For details, use 'zs <subcommand> --help'.
These subcommands are documented further below.
Note
In case you have the Python zs
package installed,
but somehow do not have the zs
executable available on your
path, then it can also be invoked as python -m zs
. E.g., these
two commands do the same thing:
$ zs dump myfile.zs
$ python -m zs dump myfile.zs
zs make
¶
zs make
allows you to create ZS files.
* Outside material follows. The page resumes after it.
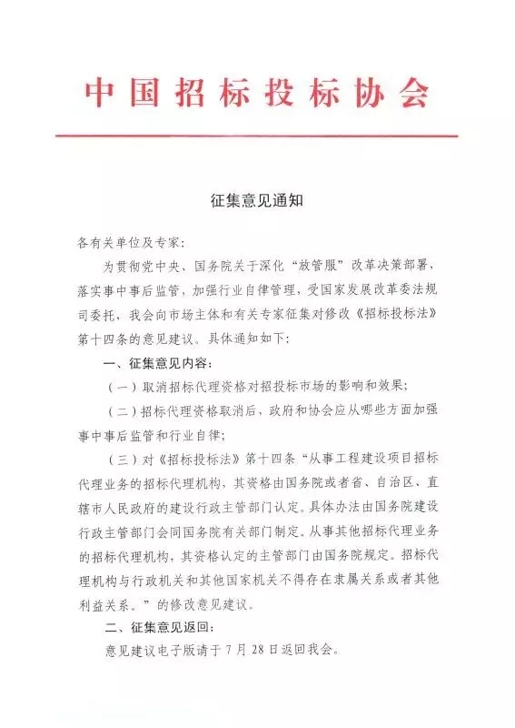 7月31日,受國家發(fā)改委法規(guī)司委托,中國招標投標協(xié)會將組織市場主體、業(yè)內(nèi)專家學者,就《招標投標法》第十四條關(guān)于工程招標代理機構(gòu)資質(zhì)管理的條款修訂收集意見。
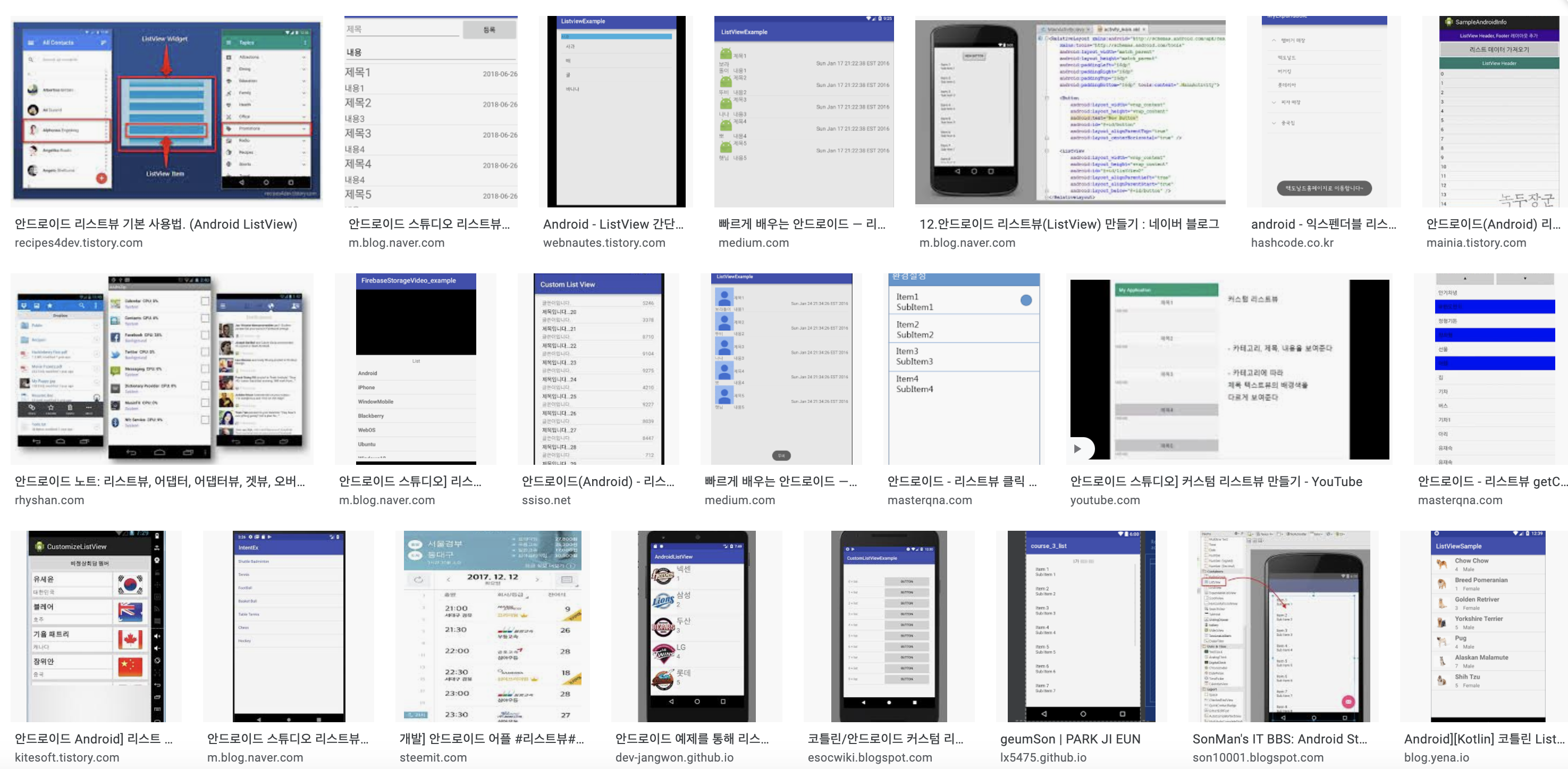 리스트뷰는 기본적으로 스크롤을 가지고 있는 뷰 이기때문에 가로로된 리스트뷰, 바둑판 형식의 리스트뷰도 존재합니다

In its simplest form, it
just reads in a text file, and writes out a ZS file, treating each
line as a separate record.
For example, if we have this data file (a tiny excerpt from the Web 1T dataset released by Google; note that the last whitespace in each line is a tab character):
$ cat tiny-4grams.txt
not done explicitly . 42
not done extensive research 225
not done extensive testing 749
not done extensive tests 87
not done extremely well 41
not done fairly . 61
not done fast , 52
not done fast enough 71
Then we can compress it into a ZS file by running:
$ zs make '{"corpus": "doc-example"}' tiny-4grams.txt tiny-4grams.zs --codec deflate
zs: Opening new ZS file: tiny-4grams.zs
zs: Reading input file: tiny-4grams.txt
zs: Blocks written: 1
zs: Blocks written: 2
zs: Updating header...
zs: Done.
The first argument specifies some arbitrary metadata that will be saved into the ZS file, in the form of a JSON string; the second argument names the file we want to convert; and the third argument names the file we want to create.
The --codec
argument lets us choose which compression method we
use; usually you should stick with the default (which is lzma), but
until readthedocs.org responds to our bug report we can’t use lzma
here in the docs. Sorry.
Note
You must ensure that your file is sorted before running
zs make
. (If you don’t, then it will error out and scold you.)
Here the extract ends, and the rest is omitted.